Müslümanlara ait sermaye kontrol altında. Zaten kaynakların Müslümanlar tarafından kullanılmasına izin verilmiyor. Bölge, gene kaynamaya başladı. Süreç nereye doğru evrilir çok da emin olamıyoruz. Çünkü Müslümanların bölünmüşlüğü asıl zorluk.

Okurlarımdan istirhamım emperyalizmin, sömürgeciliğin, işgallerin arka planını bilmek için günlük dalgalara kapılmadan sağlıklı ve soğukkanlı düşünmeleri. Bunun için de bunu en iyi ortaya koyan düşünürlerin eserlerini sıkı okumaları. İslâm milletinin bütünlüğü ve medeniyet bağlamında Üstad Sezai Karakoç’un sıkı okunması.

Diğer taraftan da Filistinli Arap ve Hıristiyan Edward Said’in eserlerinin okunması. Edward Said, emperyalizmi içeriden yaşayan bir düşünür. Kimi çevrelerin küçümsediği Siyonizm sorununun boyutunun anlaşılabilmesi için durumun ciddiyetinin kavranması gerekiyor. Elbette okunacak çok yazar ve eserleri var.

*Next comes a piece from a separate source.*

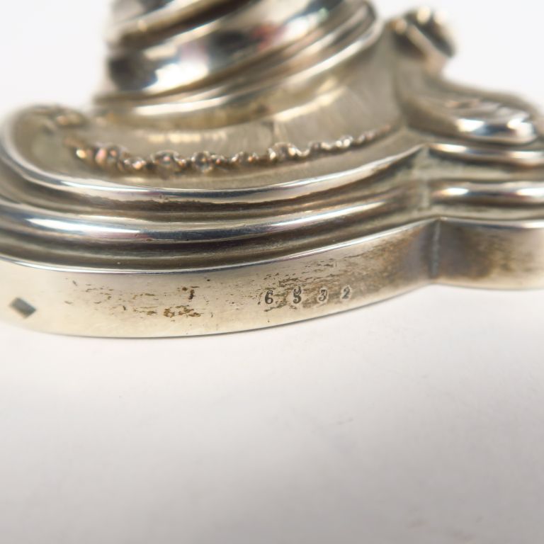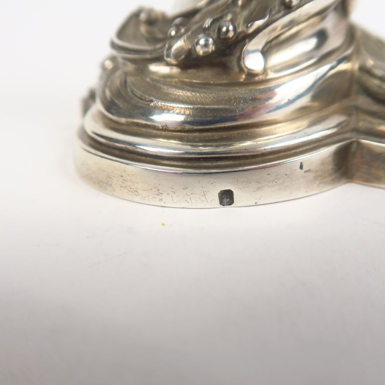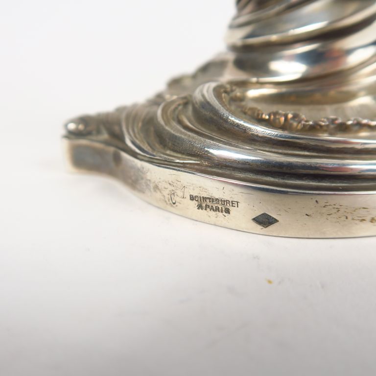 BOINTABURET à Paris. Paire de bougeoirs de toilette de style rocaille en argent, poinçon Minerve. H. 8,5 cm Poids. 630 g

“Arap Baharı” yanıltmacasının acılarını fazlasıyla çekiyoruz. Yaşadıkça âdeta çözümsüzlüğe sürükleniyoruz. Bu, geçmişte yaşanan kara dalgaların bir yenisi ve bir başlangıcı. Bizi bizimle uğraştırmak, bizi bizimle birbirine düşürmek ve vurdurmak. Biz ise hâlâ aklımızı kullanamıyoruz, susuyoruz, ilgisiz kalıyoruz veya “bize ne?” dercesine bir kenara çekiliyoruz. Bu da sorunlarımızın büyümesine neden oluyor.

Şundan eminiz ki ve ne yazık ki, Müslümanların ideolojik bölünmeleri, ideolojik olmaktan çok çıkar duygusundan kaynaklanıyor. Yöneticiler de böyle, taraflar da böyle.

Olaylar günlük olarak ve çok hızlı gelişiyor. Biri henüz başlamışken bir bakıyoruz ki yeni bir sorun ile baş başayız. Suriye, yılların kangreni. Yara derinleştikçe derinleşiyor ve içinden çıkılamıyor. Bitip tükenmeyen Filistin sorunu, şimdi bir Afganistan olayı başladı, göçmenler sorunu, Kıbrıs sorunu ve ardından da Tunus olayı patladı. Türkiye’nin kendi içinde yaşadıkları… Bunların hiç biri diğerinden soyutlanamaz. Meşguliyetler dikkatlerin dağılmasına neneden oluyor. Hemen her birinin muhatabıyız.

Tunus’ta bu olay bununla kalmayacak. Mısır sorunu ortada. Emperyalizmin darbeci zihniyeti işbaşında. Bu, aynı zamanda Müslümanlara bir gözdağıdır. Bir millet toplu bir uyanış ve diriliş ruhunu yeniden kavramazsa giderek içinden çıkılamaz bir duruma sürüklenilir. Müslümanların seslerini birlikte yükseltmeleri gerekir. Hiçbir kesim kendini soyutlayamaz.